▶ _Action item_: With the pictures left out, restate exactly the part below that opens with the line containing "Последнее место жительства" and closes with the line containing "该项目中,通过多台艾吉威叉车".

▶ _Given entries_:
----
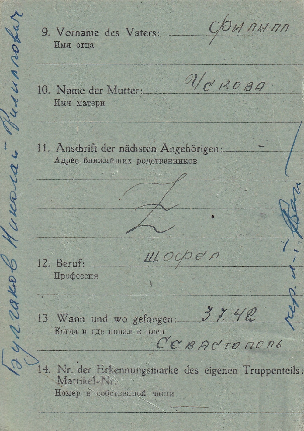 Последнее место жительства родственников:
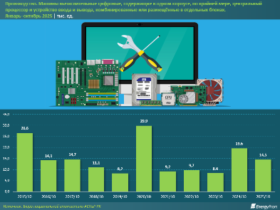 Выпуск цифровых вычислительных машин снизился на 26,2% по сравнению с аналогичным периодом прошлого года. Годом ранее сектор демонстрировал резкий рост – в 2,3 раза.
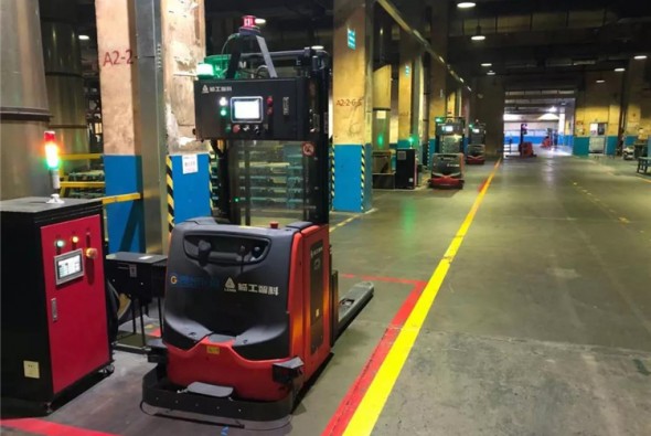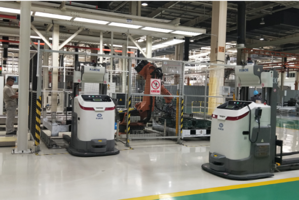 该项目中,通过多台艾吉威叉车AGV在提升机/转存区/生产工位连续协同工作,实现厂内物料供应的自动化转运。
----
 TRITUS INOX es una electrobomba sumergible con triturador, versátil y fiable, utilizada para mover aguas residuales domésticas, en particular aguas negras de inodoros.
----
▶ _Exercise solution_:
 Последнее место жительства родственников:
 Выпуск цифровых вычислительных машин снизился на 26,2% по сравнению с аналогичным периодом прошлого года. Годом ранее сектор демонстрировал резкий рост – в 2,3 раза.
 该项目中,通过多台艾吉威叉车AGV在提升机/转存区/生产工位连续协同工作,实现厂内物料供应的自动化转运。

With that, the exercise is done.